*** Material provided ***

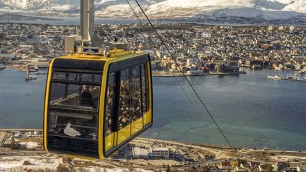 Tromsø Fjellheisen Cable Car Tromsø Fjellheisen Cable CarFjellheisen Cable Car offers a short and scenic ride from Tromsdalen to the Storsteinen mountain ledge, rising 421 meters above sea level. With panoramic views over Tromsø and its surrounding islands, this experience is a must if you are looking to enjoy Arctic landscapes from above.
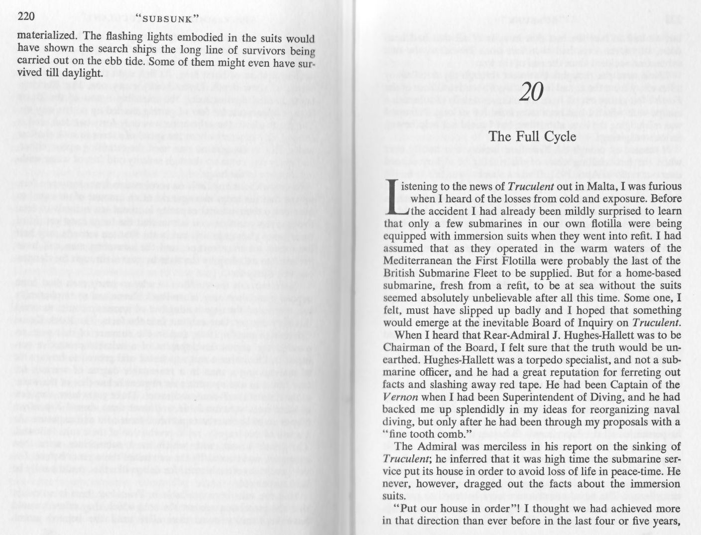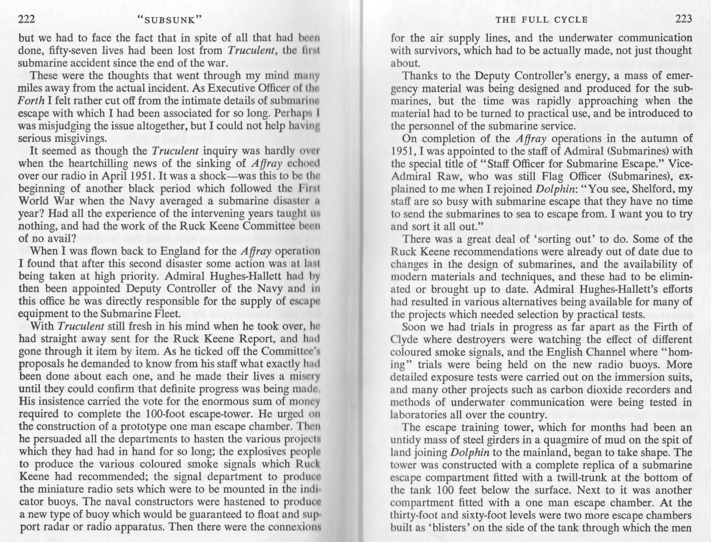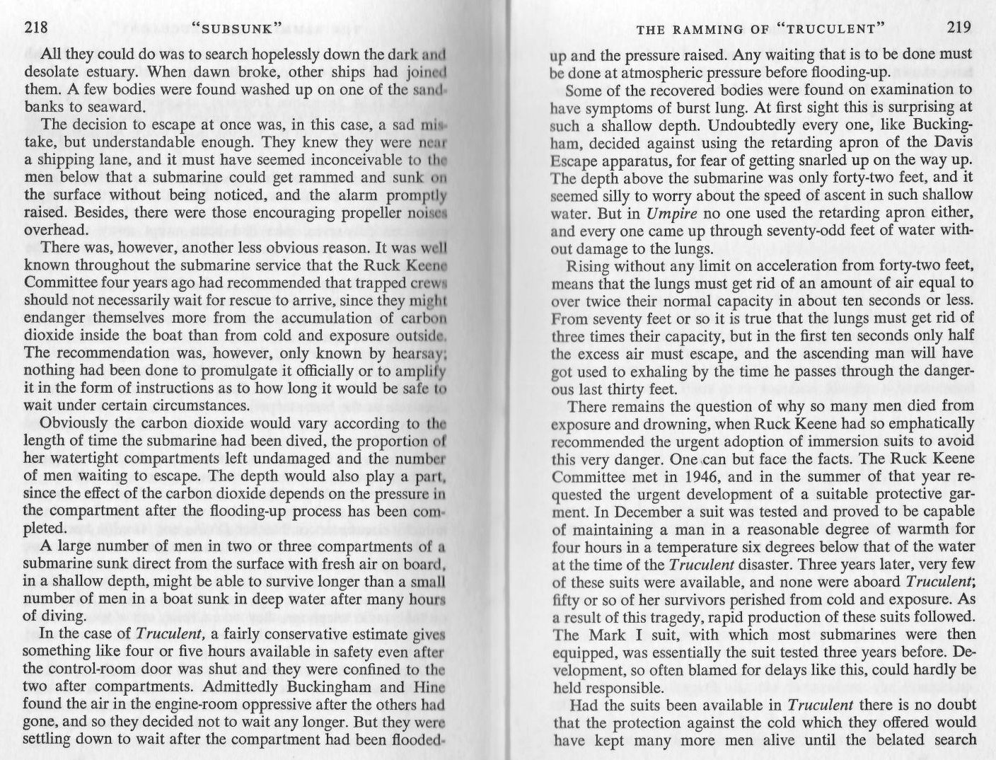 I recommend the reader look carefully at the pages from Subsunk a book by Commander Shelford RN, who had a long career concerned with submarine escape and diving in the Royal Navy. In particualr note how disturbed he was to hear of the loss of the Truculent and the lack of immmmersion suits. (Note Shelfords comments on Page 220).
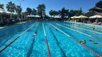 Проживали в гостинице Жемчужина в конце октября, ходили в бассейн бесплатно каждый день. Вода солёная, тёплая и чистая, народу обычно всегда много, но если выбрать время когда идёт завтрак и ужин, то можно плавать намного свободнее. Иногда приходят группы на обучение плаванию, нам не мешали, обычно занимают не крайние дорожки. Бассейн глубокий, для спортивного плавания, минимальная глубина 2,2 метра. По крайним дорожкам есть бортик для ног, чтобы встать и отдохнуть.
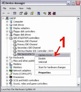 3. Di situ terlihat primary, secondary, kemudian jenis chipset mainboard anda, biasanya SIS, Intel, VIA, dll. Dan driver chipset inilah yg perlu anda rubah menjadi driver standart bawaan windows. Jika ada 2 driver chipset yang terdeteksi, maka anda harus mengganti keduanya dengan driver standart bawaan windows.
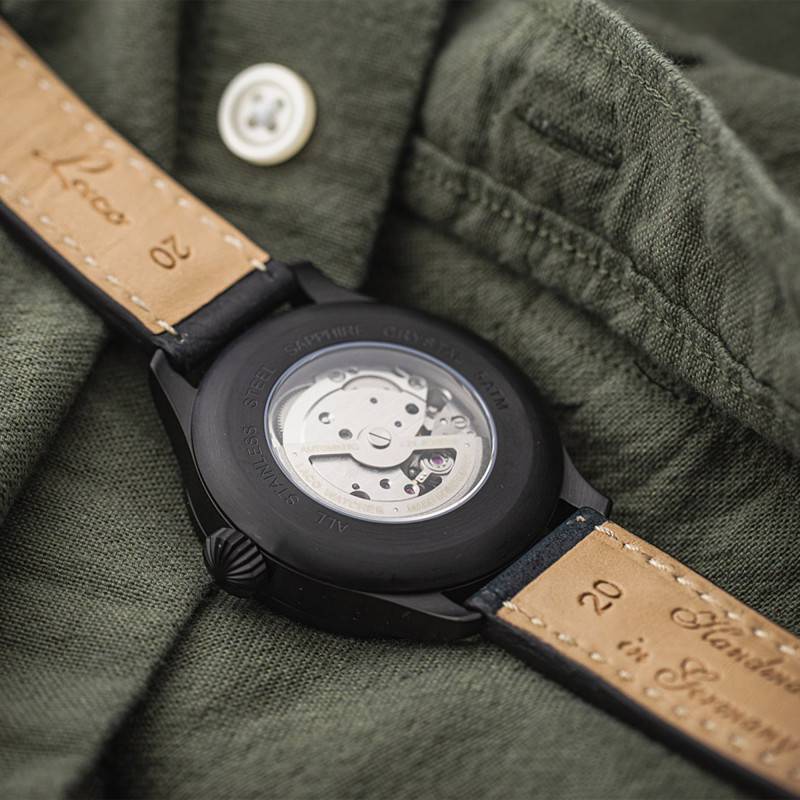 La marque allemande Laco lève le voile sur ce modèle automatique pour homme à l'allure définitivement aviatrice. Il est issu de la collection Pilot qui, comme toutes les collections de la marque, a été conçu dans le plus grand respect d'un savoir-faire artisanal. D'une qualité extrême et d'une précision optimale, ce garde-temps s'arme d'un design inspiré tout droit de l'univers aéronautique que connait bien Laco. Dans les années 40, ses montres auront servi à la German Air Force et ses pilotes. En plus d'une robustesse assurée, le mariage de l'acier inoxydable et du cuir confère à cette Bielefeld un caractère indéniable. Le diamètre de son boîtier atteint les 42mm pour une épaisseur de 12mm. Il est surmonté d'un verre saphir inrayable et son fond de boîte emboîté à pour particularité d'être transparent. Il vous sera donc possible d'admirer la vue sur le mouvement de sa masse oscillante sans modération. Enfin, une couronne de réglage se positionne à trois heures. Vous l'aurez compris, ce garde-temps saura très vite se rendre indispensable.
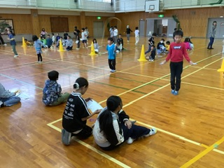 24日(火)と26日(木)の2日間、体育の宿題検定「ペア前跳び」「ペア後ろ跳び」を開催しました。
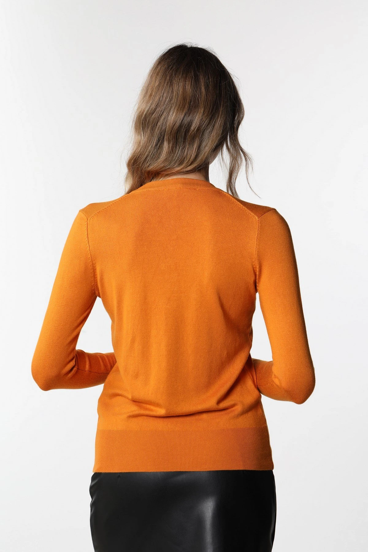 V YAKA KOL MANŞETİ DROPLU TRİKO – YANIK TURUNCU
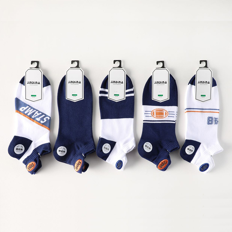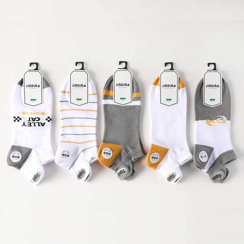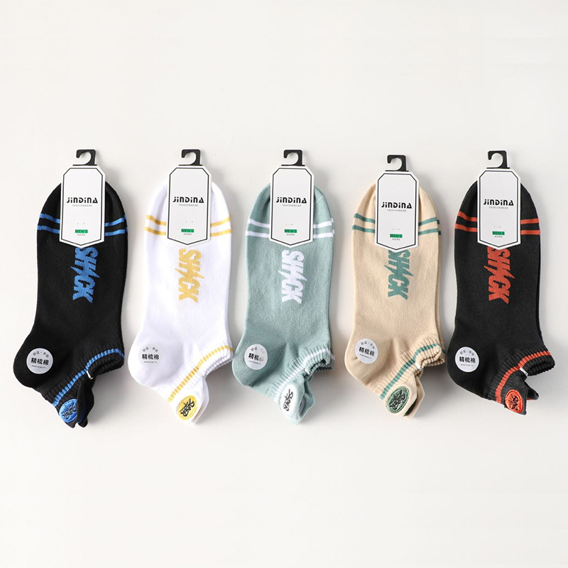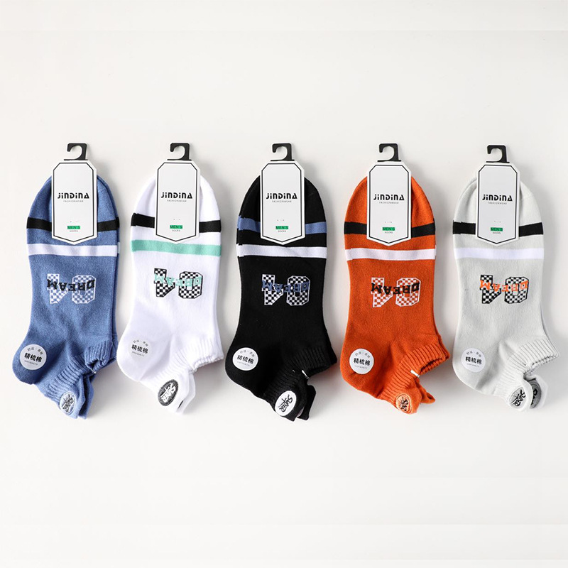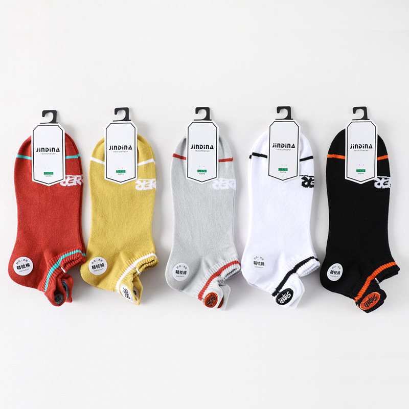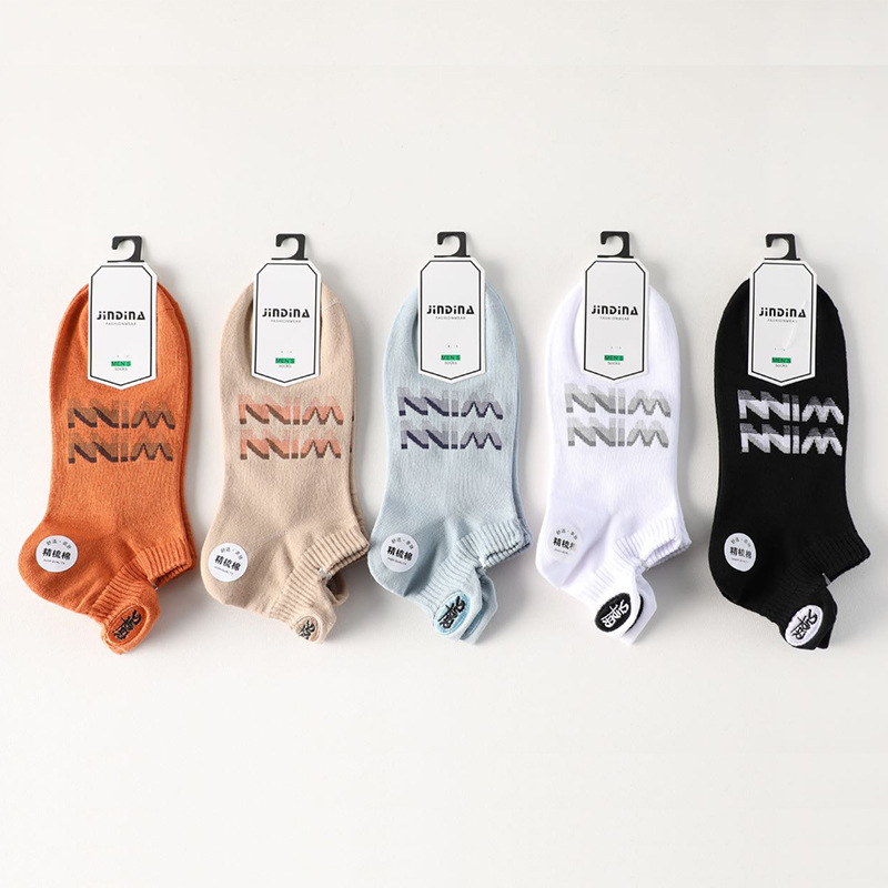 2024 봄과 여름 자수 양말 도매 일본 빗질 면화 남성 보트 양말 금실 자수 얕은 입 조수 양말
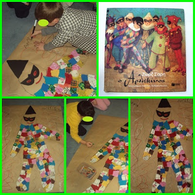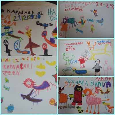 Το περισσότερο διάστημα ασχοληθήκαμε, φυσικά, με τις Απόκριες. Μιλήσαμε για τις Απόκριες, τα έθιμα, τα καρναβάλια, τις βδομάδες του Τριωδίου και πώς λένε την κάθε μια, το γαϊτανάκι και πολλά άλλα. Ζωγραφίζουμε το καρναβάλι.

*** End of Material provided ***

* _Problem_: Copy back, word for word, every line between the top of the material above and the line that contains "Проживали в гостинице", both included, without any pictures.

* _Solution_:
 Tromsø Fjellheisen Cable Car Tromsø Fjellheisen Cable CarFjellheisen Cable Car offers a short and scenic ride from Tromsdalen to the Storsteinen mountain ledge, rising 421 meters above sea level. With panoramic views over Tromsø and its surrounding islands, this experience is a must if you are looking to enjoy Arctic landscapes from above.
 I recommend the reader look carefully at the pages from Subsunk a book by Commander Shelford RN, who had a long career concerned with submarine escape and diving in the Royal Navy. In particualr note how disturbed he was to hear of the loss of the Truculent and the lack of immmmersion suits. (Note Shelfords comments on Page 220).
 Проживали в гостинице Жемчужина в конце октября, ходили в бассейн бесплатно каждый день. Вода солёная, тёплая и чистая, народу обычно всегда много, но если выбрать время когда идёт завтрак и ужин, то можно плавать намного свободнее. Иногда приходят группы на обучение плаванию, нам не мешали, обычно занимают не крайние дорожки. Бассейн глубокий, для спортивного плавания, минимальная глубина 2,2 метра. По крайним дорожкам есть бортик для ног, чтобы встать и отдохнуть.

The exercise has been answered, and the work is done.